* **Exercise**
Would you reproduce each line below exactly, leaving every picture out?

* **Supplied data**
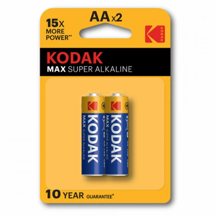 Батарейки алкалиновые "пальчиковые" КОМПЛЕКТ 2 шт., KODAK Max Super Alkaline, АА (LR6, 24А), блистер, Б0005131
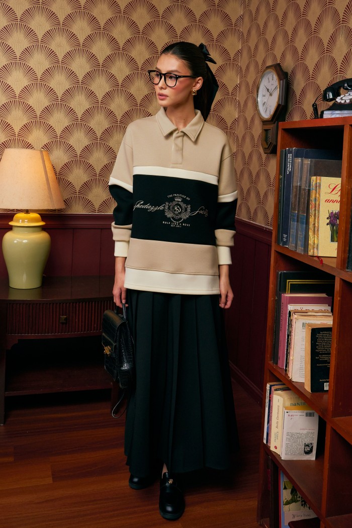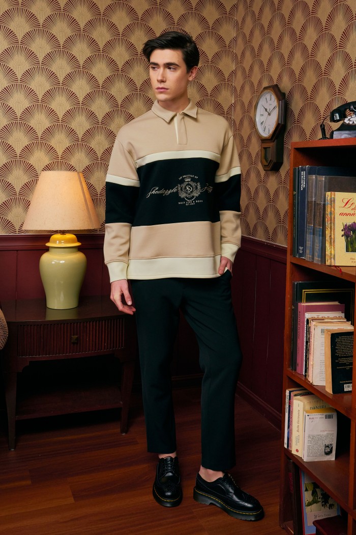 Top: Unisex jumper with triple color block design, concealed placket & logo embroidery
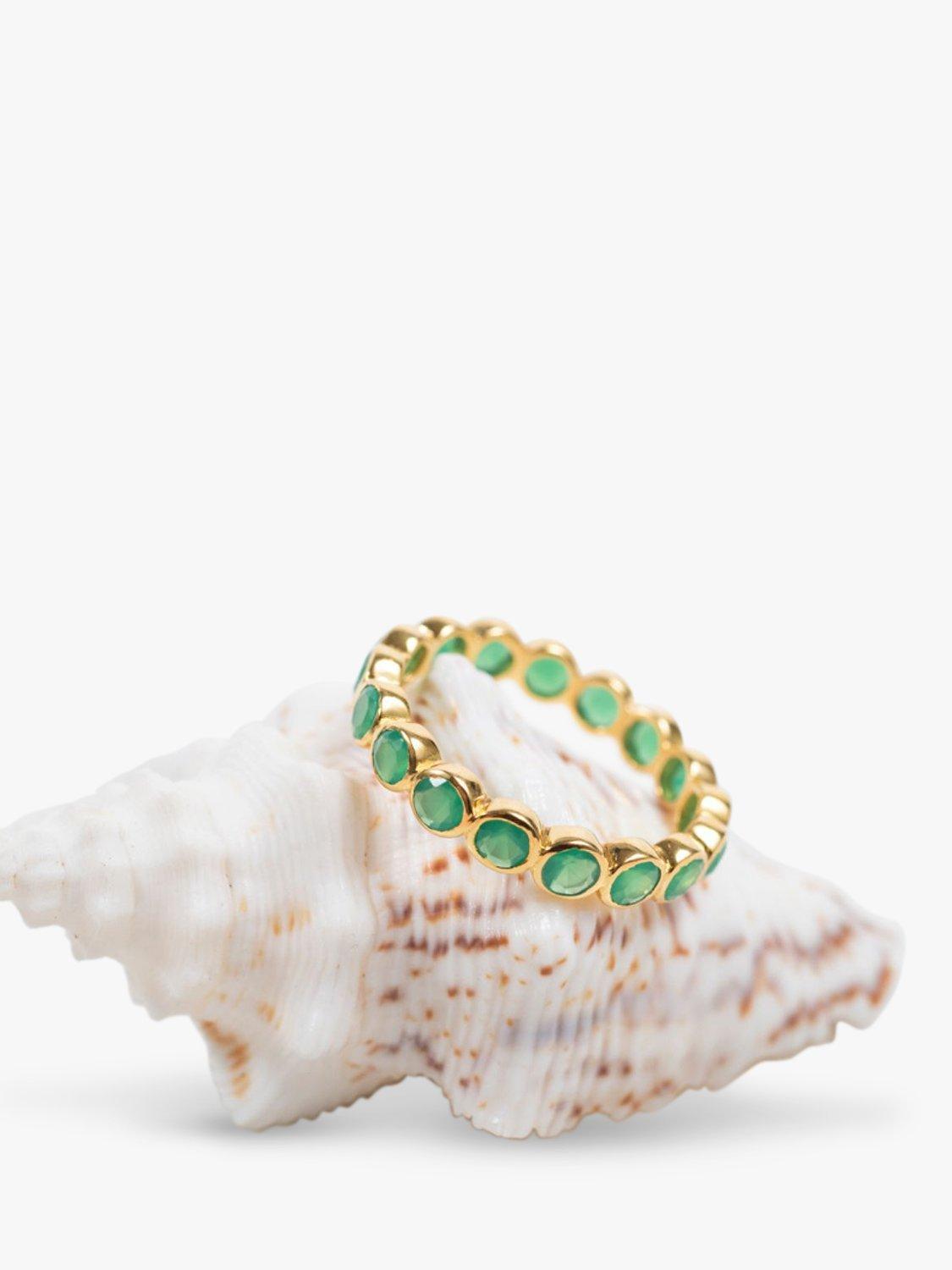 A full band of round vivid green Chrysoprase gemstones set in an 18ct Yellow Gold Vermeil scallop-shaped ring. Chrysoprase is known for its healing qualities as well as the green colour being the ultimate show stopper.

* **Exercise answer**
 Батарейки алкалиновые "пальчиковые" КОМПЛЕКТ 2 шт., KODAK Max Super Alkaline, АА (LR6, 24А), блистер, Б0005131
 Top: Unisex jumper with triple color block design, concealed placket & logo embroidery
 A full band of round vivid green Chrysoprase gemstones set in an 18ct Yellow Gold Vermeil scallop-shaped ring. Chrysoprase is known for its healing qualities as well as the green colour being the ultimate show stopper.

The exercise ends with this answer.